Monday, December 15, 2008

Midnight Meanness

The Bush administration continues to issue last minute decrees and rules changes, and apparently will to do so right up to the minute Barack Obama is sworn in. The latest is a gift to agricorps who hire foreign workers, and it's a dandy, according to an editorial published in the NY Times.

The Bush administration is doing a last-minute overhaul of the visa program for temporary farmworkers to make it easier to hire foreigners over Americans, to lower workers’ wages and to erode their rights. You would think that after failing for eight years to fix immigration, the administration would pack it in rather than make one last listless stab at a solution. But this plan isn’t even that — it’s just midnight meanness, right in time for the holidays.

The Labor Department’s proposed changes to the H-2A visa program, which would take effect in January, are supposed to help both growers and workers by making hiring cheaper and speedier. The program is notoriously unwieldy and underused, approving only about 75,000 jobs for foreign workers a year, in a labor force of about 2.5 million seasonal and migrant farmworkers, well over half of them undocumented.

To spur use of H-2A visas, the government wants to let employers cut numerous corners. It would adjust the salary formula to push wages down. It would also ease the burden employers face to prove they tried to recruit Americans first, and limit how much employers have to reimburse foreign workers for the cost of going home.

The editorial quite correctly compares the proposed changes to the shameful bracero program of the last century. That program effectively revived a kind of slavery among farm workers, tying them to one employer with no recourse for abuse or wage theft. The sad part is that the migrant labor system upon which food production depends in this country could be fixed in a much more humane and just way.
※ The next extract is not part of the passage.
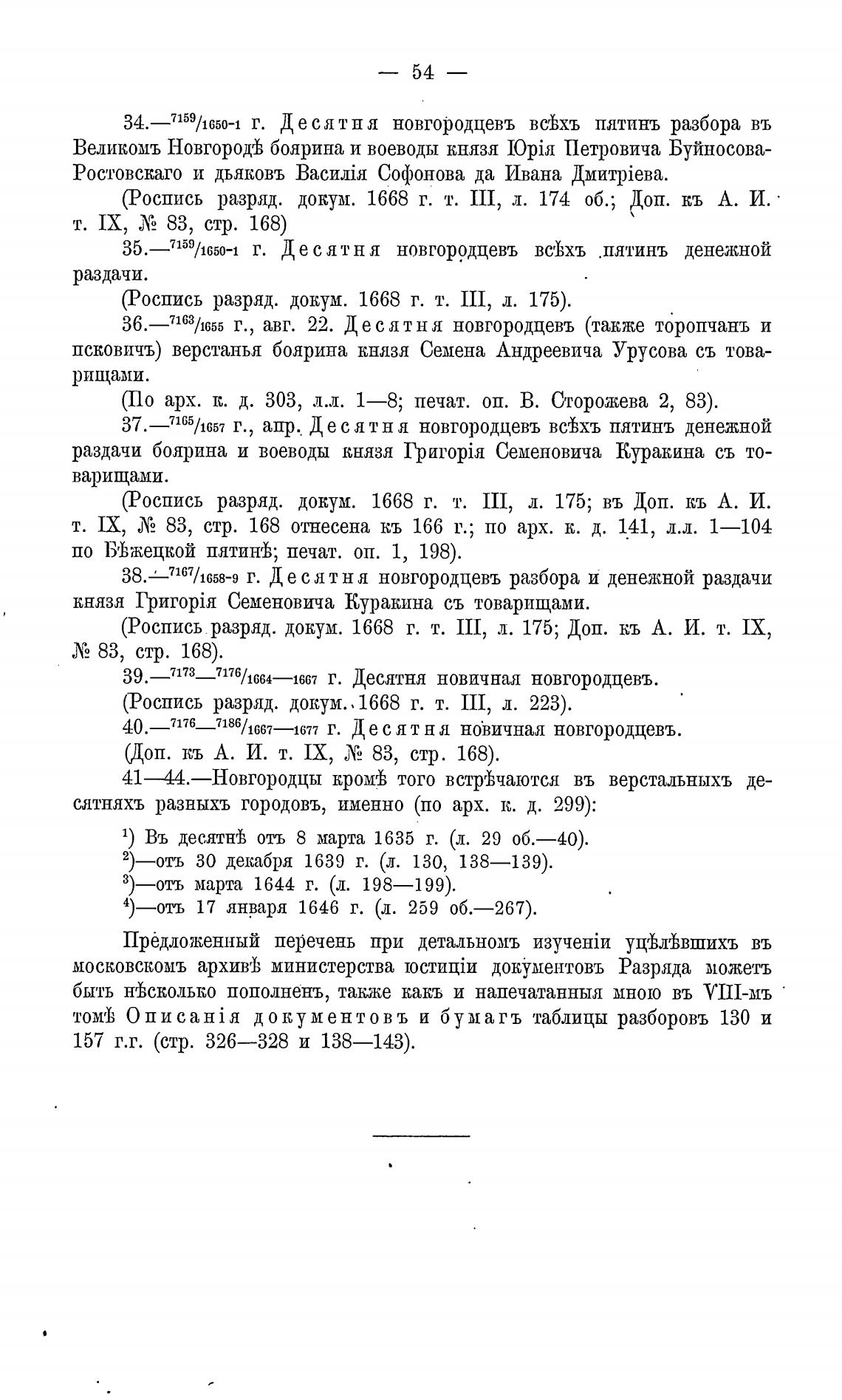 41—44.—Новгородцы кромгћ того встргђчаются въ верстальныхъ де-

In fact, one proposal that didn't make it through the 109th Congress would have gone a long way towards accomplishing that fix.

There is a better long-term solution. It’s AgJobs, a federal bill that died with previous efforts at comprehensive immigration reform. It would give undocumented farmworkers a chance to legalize and the right to change jobs, a crucial means of discouraging abuse by employers. Its goal is to bolster workers’ rights and build a more productive, stable work force. AgJobs isn’t perfect, but it was born from long negotiations among growers and workers’ advocates — a compromise that the Bush administration’s plans could blow apart.

But that kind of compromise doesn't exist in Bush's world, or at least can't be allowed to exist. That would mean a "transfer of wealth" from the haves and have mores to the have nothings.

Bah! It makes me want to throw a shoe.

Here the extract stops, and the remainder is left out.